[What is being asked]:
Write out the lines below exactly, beginning at the one with "Kedykoľvek dorazia do" and stopping after the one with "这个时候的函数fn就被当成一个普通的变量赋值。所以会输出undefined,5 ƒ ()"; the pictures are not copied.

[Dataset records]:
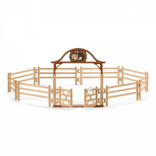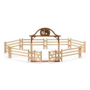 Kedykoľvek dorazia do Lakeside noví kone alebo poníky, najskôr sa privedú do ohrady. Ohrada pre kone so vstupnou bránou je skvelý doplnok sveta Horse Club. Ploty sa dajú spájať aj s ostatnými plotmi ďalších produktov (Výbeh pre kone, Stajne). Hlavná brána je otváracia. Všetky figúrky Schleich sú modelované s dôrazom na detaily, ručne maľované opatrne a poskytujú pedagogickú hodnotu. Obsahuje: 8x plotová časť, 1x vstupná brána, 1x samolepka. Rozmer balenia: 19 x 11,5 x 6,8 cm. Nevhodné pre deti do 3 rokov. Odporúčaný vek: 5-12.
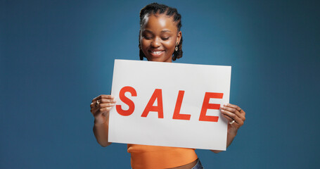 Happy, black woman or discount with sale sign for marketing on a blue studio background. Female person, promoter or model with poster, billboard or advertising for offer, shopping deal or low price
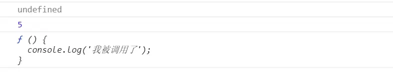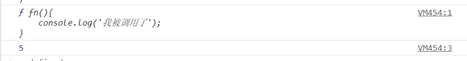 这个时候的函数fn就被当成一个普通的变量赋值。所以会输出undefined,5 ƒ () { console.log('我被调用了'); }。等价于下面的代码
==
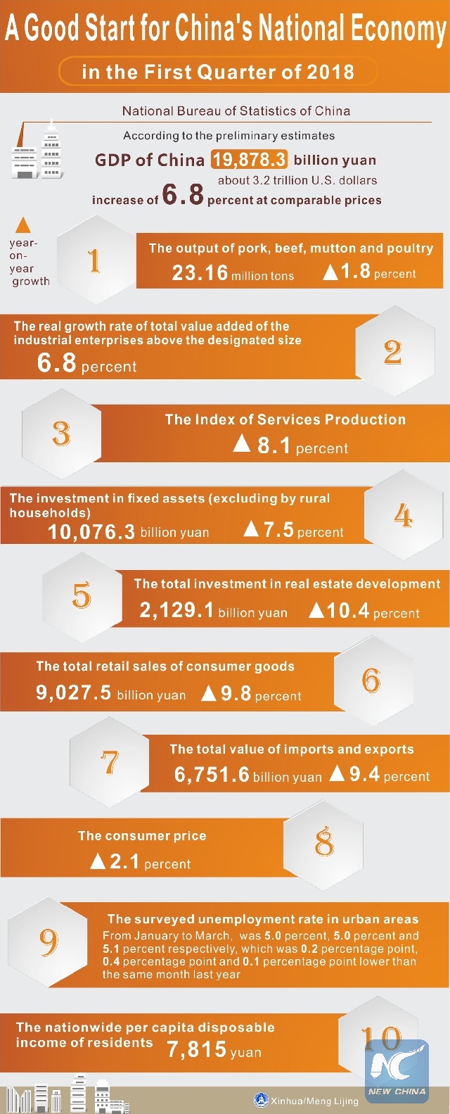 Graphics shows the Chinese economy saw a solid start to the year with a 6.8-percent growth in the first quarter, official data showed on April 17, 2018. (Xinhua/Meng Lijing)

[Reply]:
 Kedykoľvek dorazia do Lakeside noví kone alebo poníky, najskôr sa privedú do ohrady. Ohrada pre kone so vstupnou bránou je skvelý doplnok sveta Horse Club. Ploty sa dajú spájať aj s ostatnými plotmi ďalších produktov (Výbeh pre kone, Stajne). Hlavná brána je otváracia. Všetky figúrky Schleich sú modelované s dôrazom na detaily, ručne maľované opatrne a poskytujú pedagogickú hodnotu. Obsahuje: 8x plotová časť, 1x vstupná brána, 1x samolepka. Rozmer balenia: 19 x 11,5 x 6,8 cm. Nevhodné pre deti do 3 rokov. Odporúčaný vek: 5-12.
 Happy, black woman or discount with sale sign for marketing on a blue studio background. Female person, promoter or model with poster, billboard or advertising for offer, shopping deal or low price
 这个时候的函数fn就被当成一个普通的变量赋值。所以会输出undefined,5 ƒ () { console.log('我被调用了'); }。等价于下面的代码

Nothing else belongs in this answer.